There’s a few moments where he pauses, giving Officer Harrison the very slim opportunity to redeem himself and prove he had actually read through the whole document.
Neither of you needed to watch him try and stumble through his answer to know that he didn’t.
“Maybe if you had read it you’d know that the ‘fact’ you just mentioned, was proportional to the percentage of serial murderers that weren’t diagnosed with any mental illness prior to their arrest, which was only 63% of the total sample that was analysed. 114 of the murderers were actually diagnosed with some form of clinical psychosis, which is still entirely probable for the unsub that we’re looking for,” There’s a lingering trace of snark dousing Spencer’s tone, joined by an elevated sense of conviction as he narrows his eyes towards Officer Harrison. “Or maybe you’d at least remember that it was actually 97,502 words long, not 85,000,”
The fact that Spencer recalled such specific details of your thesis shouldn’t be a shock to you, his eidetic memory was practically a staple of his character after all, but considering you weren’t even aware he’d read it in the first place until five minutes ago made that revelation hit you just a little harder than it probably should.
“If you want to act like an expert in something, become an expert in something,” Spencer crosses his arms and it may as well have been a done deal. “Don’t pass off surface level, incorrect information as objective fact, all you’re doing is slowing the real experts down,”
The assertiveness in his tone, whilst occasionally used when arguing his point for a specific topic, was much more present as he shut down the Officer, and it was almost a little too gratifying to watch the wind get knocked out of his sails at Spencer’s reprimand.
“Now if you’d please excuse us, we have a profile to work on,” He gestures to the whiteboard with his head, and Officer Harrison is off like a whippet, retreating out of the room with his tail between his legs and a traffic light red coating his face from the embarrassment.
You give a dragged out whistle as the door closes. “Congratulations on telling him to leave you alone,”
Spencer laughs almost pathetically.

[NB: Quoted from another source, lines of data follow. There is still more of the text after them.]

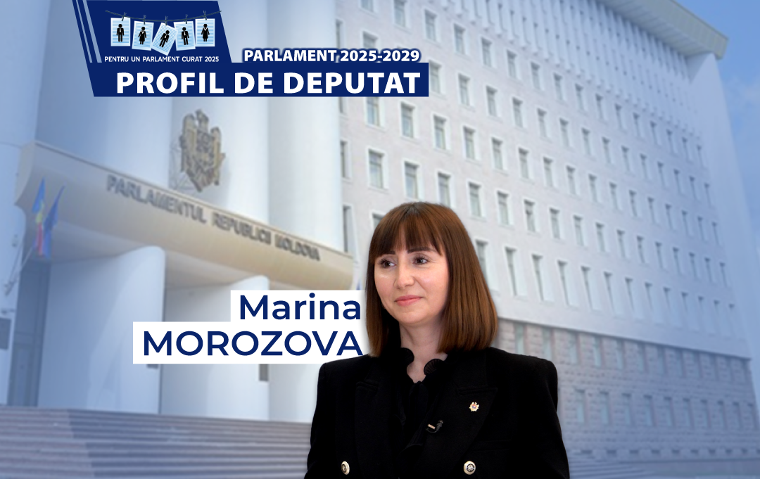 Marina Morozova (44 de ani) este deputată în fracțiunea Partidului Acțiune și Solidaritate (PAS), fiind la al doilea mandat consecutiv. Este vicepreședintă a Comisiei protecție socială, sănătate și familie. Potrivit unui CV publicat de pagina web a Parlamentului, Marina Morozova a absolvit în 2006 Universitatea Pedagogică de Stat „Alecu Russo” din Bălți, luându-și licența în pedagogie, apoi a obținut un master în administrarea afacerilor la Academia de Studii Economice din Moldova (2009). Ulterior (2014) a obținut și un master în Științe Politice, specializarea Relații Internaționale, la Academia de Administrare Publică.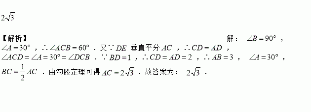 如图,在中, , , 垂直平分斜边,交于, 是垂足,连接,若,则的长是__________.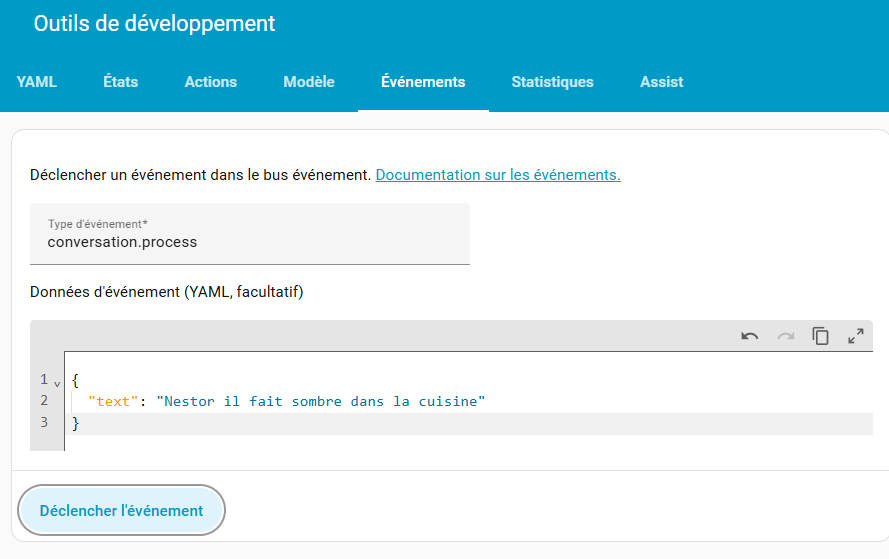 (tests faits sans micro, via Outils développeur → Événements) - Une automation filtre les phrases commençant par un mot-clé (

Was he really so socially inept that he had to be congratulated on standing up for himself?
“Thanks,” He presses his lips into that typical Spencer smile as he fiddles aimlessly with the button on the cuff of his right sleeve. “And uh, thanks for letting me handle it on my own,”

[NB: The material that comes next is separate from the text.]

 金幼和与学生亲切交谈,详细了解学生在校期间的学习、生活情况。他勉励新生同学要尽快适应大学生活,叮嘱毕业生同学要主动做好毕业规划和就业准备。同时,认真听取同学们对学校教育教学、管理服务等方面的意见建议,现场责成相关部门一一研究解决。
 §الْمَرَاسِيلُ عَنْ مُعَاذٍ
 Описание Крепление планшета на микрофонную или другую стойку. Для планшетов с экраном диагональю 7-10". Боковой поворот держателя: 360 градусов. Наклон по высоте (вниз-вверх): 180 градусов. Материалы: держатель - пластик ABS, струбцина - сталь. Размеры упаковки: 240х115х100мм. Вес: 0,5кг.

You shrug nonchalantly. “You asked me to,”
“I know, I just— thank you,”
“It’s nothing to thank me for Reid,” You shake your head dismissively, but Spencer knows you’ve accepted his thanks through the slight quirk in the corners of your mouth that break the ever-present scowl that cements itself on your face. “I didn’t know you read my thesis,”
Spencer blinks for a moment before giving you a small and enthusiastic nod. “Three times actually, it’s extremely well written from a logical perspective, and the transcripts from the interviews you held were very interesting,”

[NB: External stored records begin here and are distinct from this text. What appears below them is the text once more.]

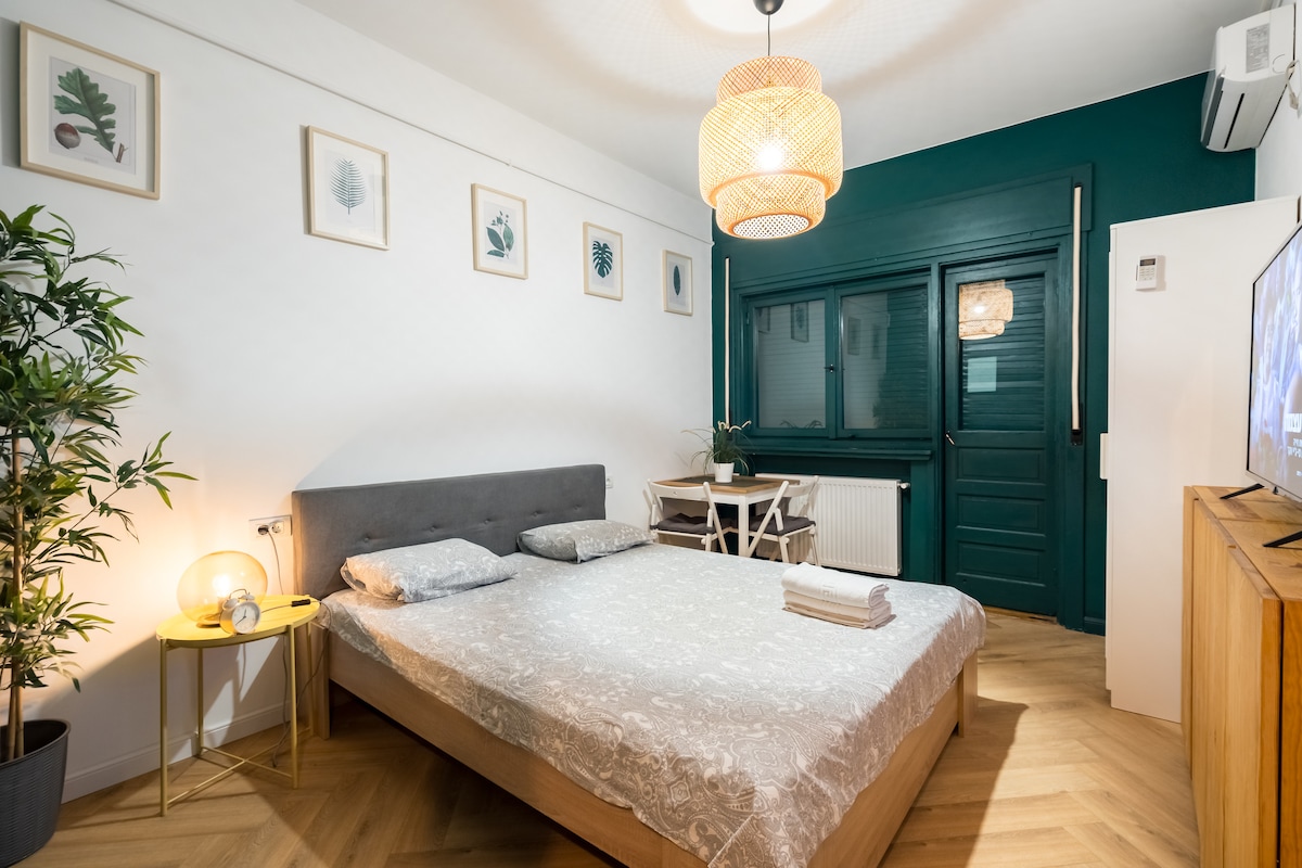 Experience the charm of our urban loft in the heart of the city! Enjoy the peace in our elegant bedroom, with wide windows that fill the room with sunlight, and settle into a luxurious marble bathroom. Located in a lovely neighborhood, this inviting space offers a fully equipped kitchen, a relaxing living area, and a small balcony. Perfect for the modern traveler who values style and comfort. Book your stay - delight in the simple luxuries and make this loft your personal hideaway.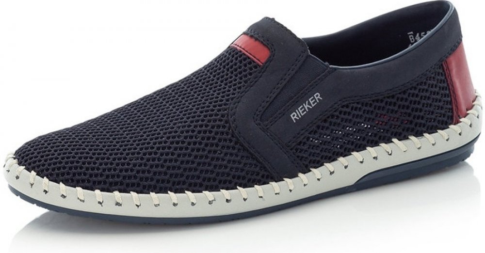 Pánské mokasíny značky RIEKER Vás okouzlí na první pohled. Perforovaný svršek zajistí skvělou prodyšnost obuvi. Stélka vybavená technologií MemoSoft a měkká podešev lemovaná výrazným prošíváním zajistí pohodlí při chůzi.Díky pružným gumičkám po stranách se obuv skvěle přizpůsobí Vaší noze. Tyto botky využijete především během letních dnů na procházkách i na cestě do práce.
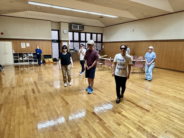 眼鏡をかけて真っ直ぐ歩き、自分が5mと思う場所で止まり、距離を測定。一番近い人が勝ちという競技。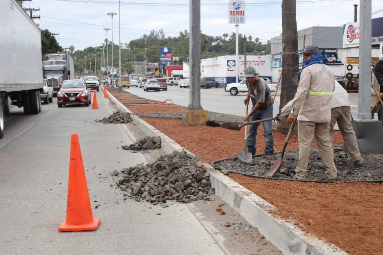 En la mayor parte de la vialidad ya se realizaron dichas labores con palmeras, césped, piedras de colores y cactus, pero aún quedan algunos tramos como frente a la Estación de Bomberos 1 “Doctor Olavo Corona”, un tramo frente a las instalaciones de la Tercera Región Militar y otro frente al Fraccionamiento del Bosque.
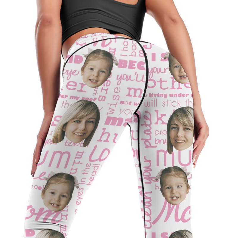Pantalones De Yoga De Polainas De Cara De Mujer Personalizados - Feliz Día De La Madre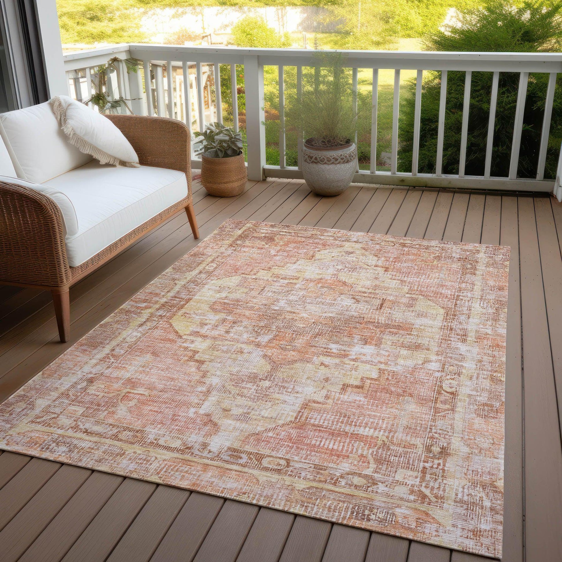 Haeleth Orange Washable Indoor-Outdoor Rug

And there’s the Spencer you knew.
“You’re an incredible psychologist, it’s no wonder you skipped your bachelors,” He emphasises his words with exaggerated head movements that make the curls of his hair bounce against his forehead.
“Thank you, Reid, that’s very sweet,” There’s a fondness to your voice that you’d deny if he pointed out, but you’re trying much less to hide it from Spencer than you would from anyone else in your team.
Spencer Reid had read your thesis three times. You wouldn’t be surprised if he knew it better than you did. You’re almost certain he knew it better than you did. He could probably recite the whole thing word for word where chunks of it had already been forgotten in your mind.
It wasn’t exactly something revolutionary, but it may as well have been.